Records from a data collection:
********

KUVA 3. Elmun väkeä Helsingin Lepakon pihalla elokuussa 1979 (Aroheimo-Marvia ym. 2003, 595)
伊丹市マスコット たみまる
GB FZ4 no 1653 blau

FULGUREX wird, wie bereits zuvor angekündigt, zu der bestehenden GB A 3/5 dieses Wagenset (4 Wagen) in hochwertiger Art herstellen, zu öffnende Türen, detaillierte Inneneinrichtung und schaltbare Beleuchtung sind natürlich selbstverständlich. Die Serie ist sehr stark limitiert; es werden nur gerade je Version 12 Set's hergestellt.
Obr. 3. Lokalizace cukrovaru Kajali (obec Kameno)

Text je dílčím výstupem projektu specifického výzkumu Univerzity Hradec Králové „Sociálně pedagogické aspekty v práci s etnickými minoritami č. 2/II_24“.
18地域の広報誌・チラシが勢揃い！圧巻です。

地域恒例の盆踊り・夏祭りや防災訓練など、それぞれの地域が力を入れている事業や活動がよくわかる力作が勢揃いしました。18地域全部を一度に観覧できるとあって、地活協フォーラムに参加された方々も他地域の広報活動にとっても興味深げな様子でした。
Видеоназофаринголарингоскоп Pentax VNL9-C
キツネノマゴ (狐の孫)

********

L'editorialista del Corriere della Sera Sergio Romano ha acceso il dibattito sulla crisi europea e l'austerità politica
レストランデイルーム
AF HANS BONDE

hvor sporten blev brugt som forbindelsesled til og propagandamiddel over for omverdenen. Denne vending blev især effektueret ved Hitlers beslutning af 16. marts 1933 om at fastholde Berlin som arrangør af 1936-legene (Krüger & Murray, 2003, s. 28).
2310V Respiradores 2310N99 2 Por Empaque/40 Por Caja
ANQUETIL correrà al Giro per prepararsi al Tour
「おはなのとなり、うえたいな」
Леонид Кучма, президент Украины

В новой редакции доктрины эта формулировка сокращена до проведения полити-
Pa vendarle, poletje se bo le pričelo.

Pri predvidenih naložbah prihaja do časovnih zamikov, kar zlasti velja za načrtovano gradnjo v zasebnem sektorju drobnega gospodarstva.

********

EXERCISE GOAL ▸ Keeping every character as it is, restate the lines above that run from the line with "伊丹市マスコット たみまる" through the line with "FULGUREX wird, wie", both included, and nothing else.

ANSWER TO THE PROBLEM ▸
伊丹市マスコット たみまる
GB FZ4 no 1653 blau

FULGUREX wird, wie bereits zuvor angekündigt, zu der bestehenden GB A 3/5 dieses Wagenset (4 Wagen) in hochwertiger Art herstellen, zu öffnende Türen, detaillierte Inneneinrichtung und schaltbare Beleuchtung sind natürlich selbstverständlich. Die Serie ist sehr stark limitiert; es werden nur gerade je Version 12 Set's hergestellt.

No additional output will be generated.